The unique manuscript was believed by Stubbs and Pauli to be the original autograph. David suggests however that it was not the original, which was probably written hastily during the crusade, but rather a later autograph edited by the author later, perhaps in his old age.

The manuscript is located in the Parker Library of Corpus Christi College, Cambridge, Manuscript 470, fol. 125-146.

==Authorship==
The author of the De expugnatione names himself in his opening lines, although in an obscure abbreviated form that has perplexed scholars: Osb. de Baldr. R. salutem. Since at least the time of Archbishop Matthew Parker he has been known as "Osbern" and the manuscript's table of contents, written in a Renaissance hand, lists the work as Historia Osberni de Expeditione etc. ("Osbern's History of the Expedition, etc.").
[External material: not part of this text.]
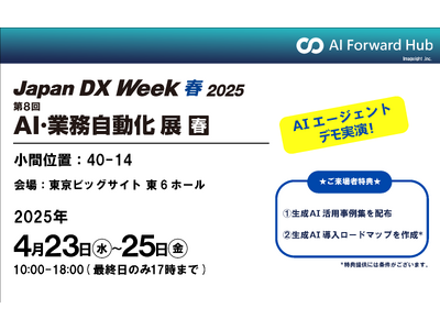 イマジエイト株式会社(本社:東京都渋谷区、代表取締役:津田 幸佑)は、2025年4月23日(水)~25日(金)に東京ビッグサイトで開催される「Japan IT Week 春 2025 第8回 AI・業務自動化展」に「AIフォワードハブ」を出展いたします。
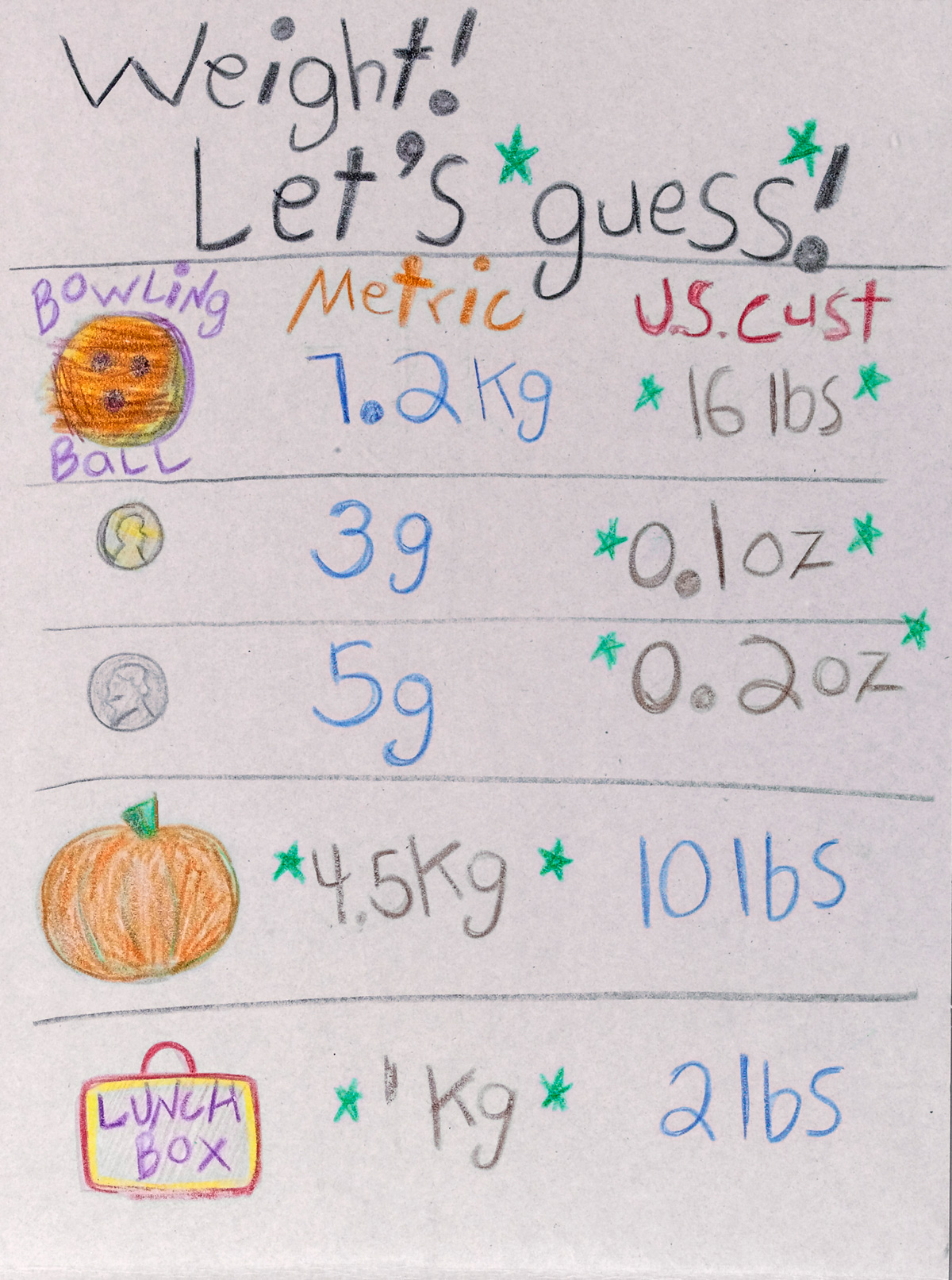 As they look up the actual weights (in both U.S. customary units and metric units) they can erase any inaccurate guess-timates and modify their illustarted list to show how these two sets of measurements compared.

This purely conjectural name has been oft repeated and has become traditional.

Ulrich Cosack, in his doctoral dissertation, argued that "Osbern" was an Anglo-Norman on the grounds that he showed a marked preference for narrating their deeds. Pauli argued the same on the grounds that he used gallicisms, like garciones ("men"), but he also used anglicisms, like worma. He probably hailed from the east of England, for the men of Suffolk appear frequently in his account, such as the seven youths of Ipswich who defended the siege tower using the protection of a mobile siege engine called the "Welsh cat".

==Speeches==
De expugnatione contains three speeches about crusading, from the mouths of three (probably deliberately) different men: Pedro Pitões, Bishop of Porto, Hervey de Glanvill and an anonymous "certain priest", possibly Raol himself. They are not "verbatim reports [but] more or less formal reconstructions". The bishop, who persuaded the crusaders to turn aside and attack Lisbon, had seen his own cathedral of Santa Maria plundered by the Muslims in 1140, when they took off with some liturgical vestments and killed and enslaved members of his clergy. To incite them to his aid, Pedro called the crusaders "God's people", who were on "a blessed pilgrimage", and told them that "[t]he praiseworthy thing is not to have been to Jerusalem but to have lived a good life while on the way". His pleading lacks confidence, suggesting ethical uncertainty, and his sermon, based on Augustine, Isidore and Ivo of Chartres, is dry, but his use of the crusade for an attack on Lisbon suggests that concept was still flexible and could be detached from the pilgrimage to Jerusalem at that point in time. In his effort to soothe the crusaders' consciences, he urged them to "act like good soldiers" and affirmed that "[s]in is not in waging war but in waging war for the sake of plunder" and "[w]hen a war had been entered upon by God's will it is not permitted to doubt that it has been rightly undertaken". The bishop ultimately offered to pay the crusaders for their assistance, and did so with plunder from the successful siege.

Hervey's speech appeals to family pride, the desire for glory, "the counsels of honour" and the unity to which the crusaders had sworn at the onset of the expedition. The priest, after reminding the soldiers that the Muslims had desecrated a cross "with the filth of their posteriors", held up a relic of the True Cross and reduced the host to tears before assuring them that "in this sign, if you do not hesitate, you will conquer. . . [for] if it should happen that anyone signed with this cross should die, we do not believe that life has been taken from him, for we have no doubt that he is changed into something better". He ended with a line he probably got from a letter written by Bernard de Clairvaux to the English crusaders in 1146: "Here, therefore, to live is glory and to die is gain". After the priest's sermon many of those present renewed their vows, and presumably some who had not yet done so were inaugurated into the ranks of the crucesignati (cross-signed). The influence of Bernard on both the bishop and the priest is evident.